We can represent the relationships between languages on a family tree, otherwise known as a ‘phylogeny’. A simple example of a phylogeny is a family tree where the leaves of the tree represent the children in a family and branches represent relationships between parent and child.

Figure: small family tree with parent, child, grandparent (the common ancestor) and cousin


Likewise, a language phylogeny shows the family tree relationships between languages. Dutch and Flemish are sister languages that have a very recent common ancestor. English is a cousin language, which is a bit further away from Dutch and Flemish. The Scandinavian languages are distant cousins. The points where the branches of the tree come together represent older languages that gave rise to descendents in the tree.

Figure: Germanic languages


We model the evolution of Indo-European languages as the gain and loss of cognates along the branches of an unknown family tree, using an approach called Bayesian phylogenetic inference to infer the set of language trees that makes the cognate data most likely.

We explored a number of different models of cognate gain and loss, but the model that was best supported by the data was one that allows for variation in rates of evolution for different cognates (some words can evolve more quickly than others) and assumes that cognates are only ever gained once but can then be lost multiple times in descendent languages. This fits with linguists’ intuitions about the nature of cognate replacement – by definition, true cognates cannot be independently gained more than once and can then be lost multiple times at differing rates.
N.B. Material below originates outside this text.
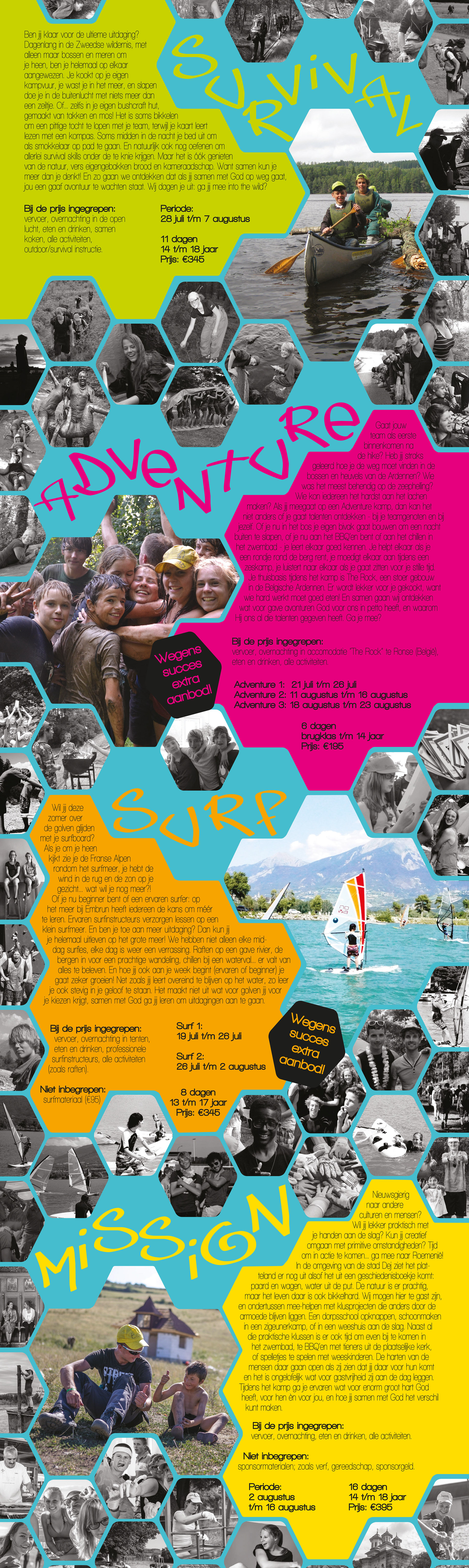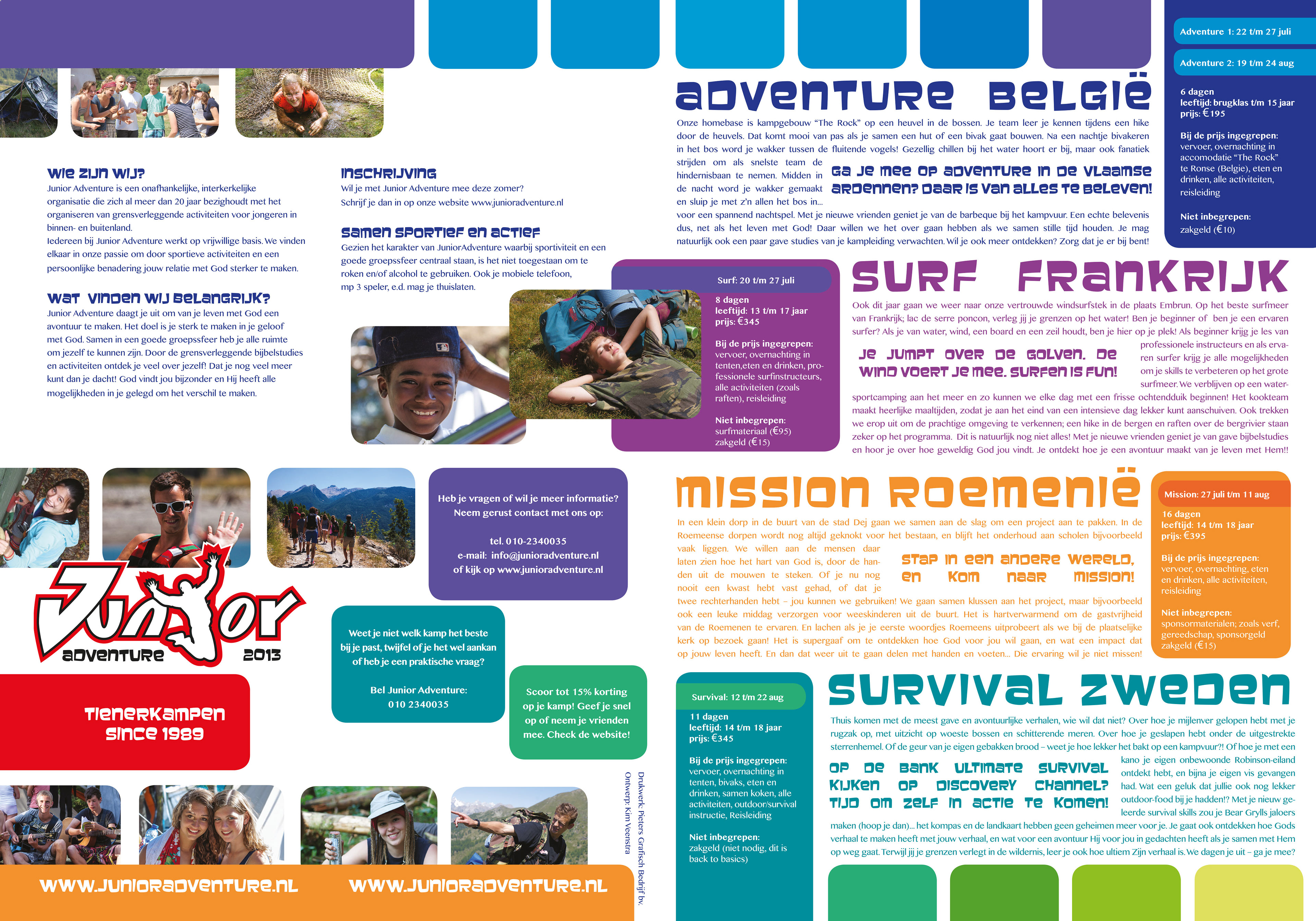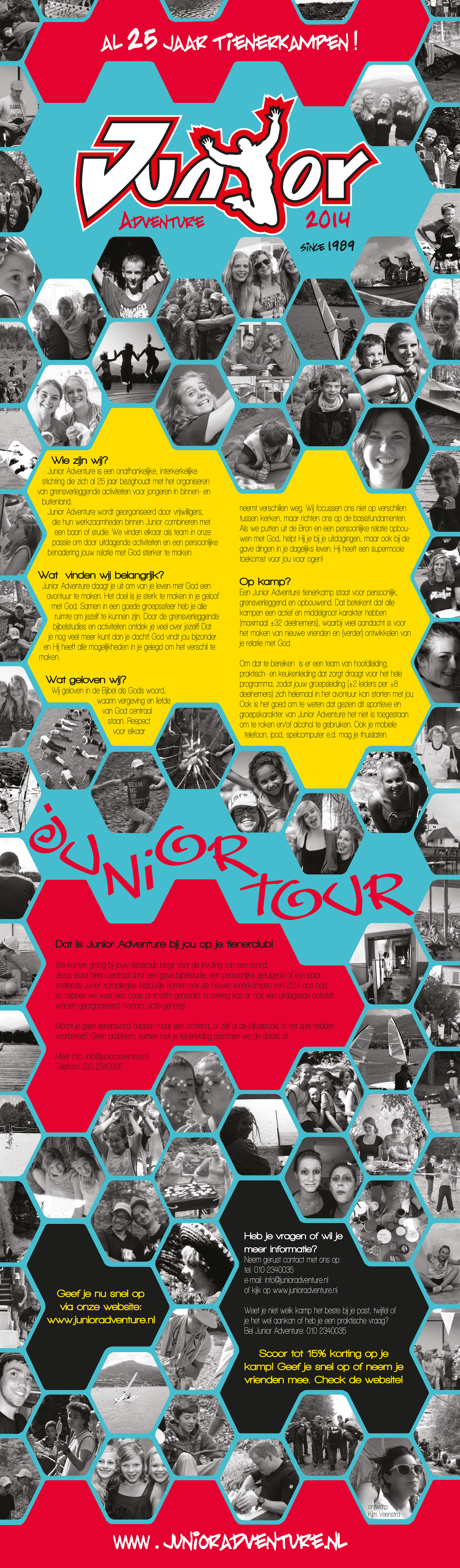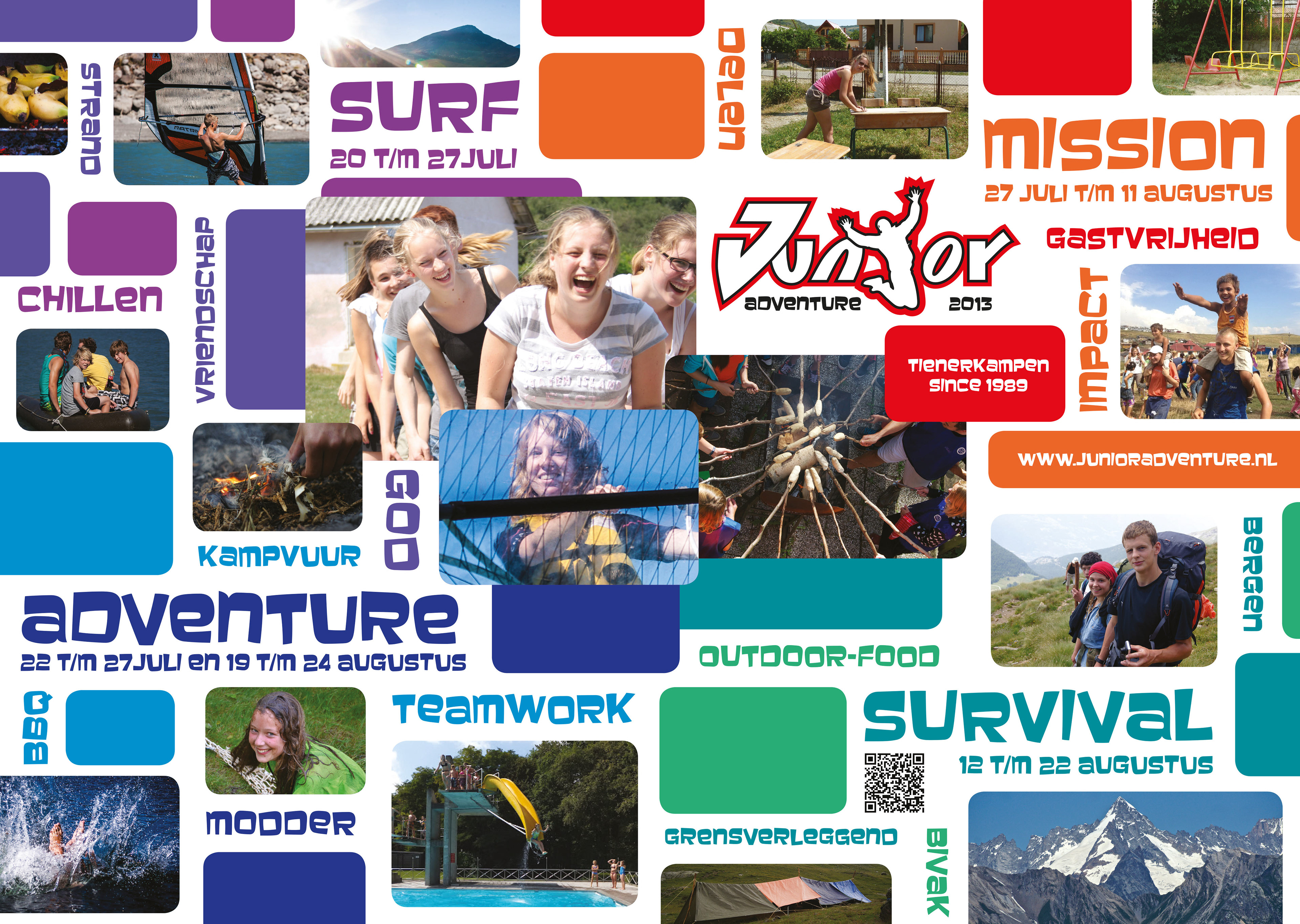 Junior Adventure is een organisatie die tienerkampen organiseert voor jongeren van 12-18 jaar. Verspreid over 10 jaar mocht ik verschillende ontwerpen maken zoals de jaarlijkse folder.
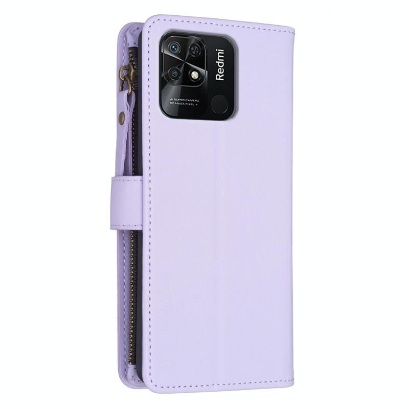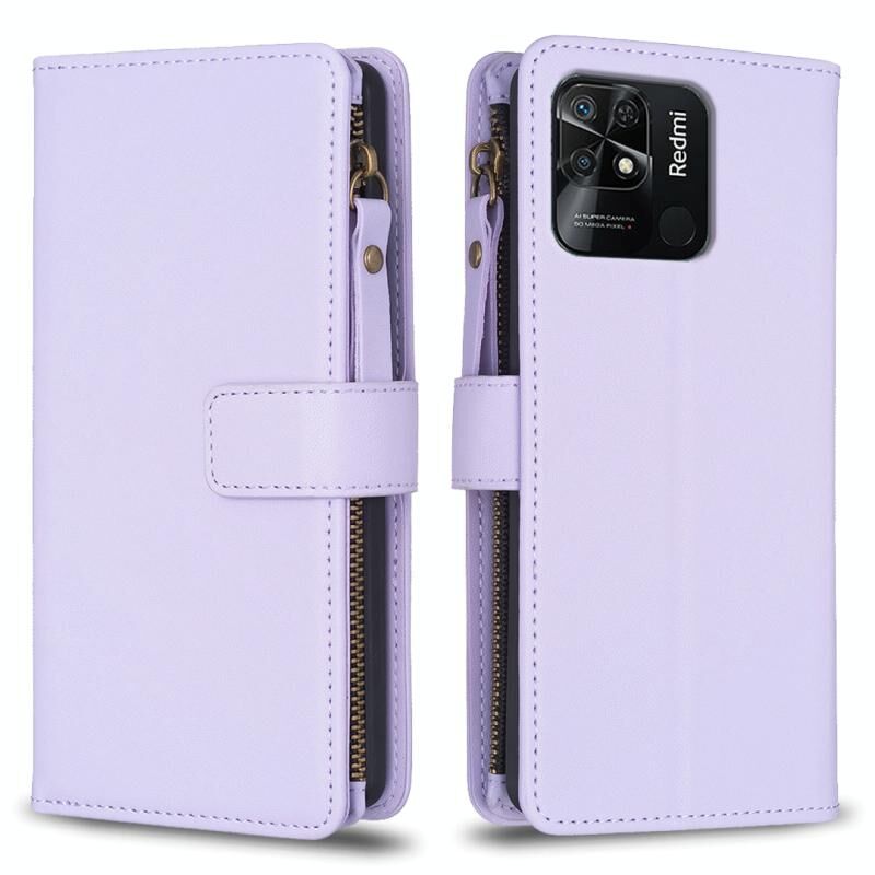 Για Xiaomi Redmi 10C 9 Card Slots φερμουάρ πορτοφόλι δέρμα Flip υπόθεση τηλεφώνου (Light Purple)

Step 4 – Calibrating the age of the tree

In order to provide a timescale for the expansion of the language family, we need some information about how fast languages change. We do this by constraining the age of known calibration points on the tree. For example, there is good reason to think that the Romance languages had begun to diverge by the time that the Roman Empire began to break up (often tied to the fall of Dacia in 270AD), so we can constrain the age of the sub-family based on that information. One advantage of the Bayesian approach is that we do not need to assume a specific age for any calibration, but can instead assign a range, the width of which depends on how confident we are in our prior beliefs about age of the group. Our analysis used 14 such known divergence times plus 20 extinct languages to calibrate rates of change across the tree.

It is well known that rates of language change can vary through time, so rather than assuming a strict clock-like rate of cognate gain and loss, we allowed rates to vary along the branches of the tree. The amount of variation was itself estimated from the data. You can see the tree we inferred below, with a time scale along the bottom.

 Figure: Inferred Indo-European language tree. The rate of evolution along each branch is represented by the thickness of the branch, where a thicker branch implies faster evolution.


Step 5 – Modelling language expansion

We combine our inferences about the Indo-European language family tree with information about where these languages are spoken (or were spoken in the case of the ancient languages). From the known locations at the ‘leaves’ of the tree, we can trace back along the branches to estimate the location at the root.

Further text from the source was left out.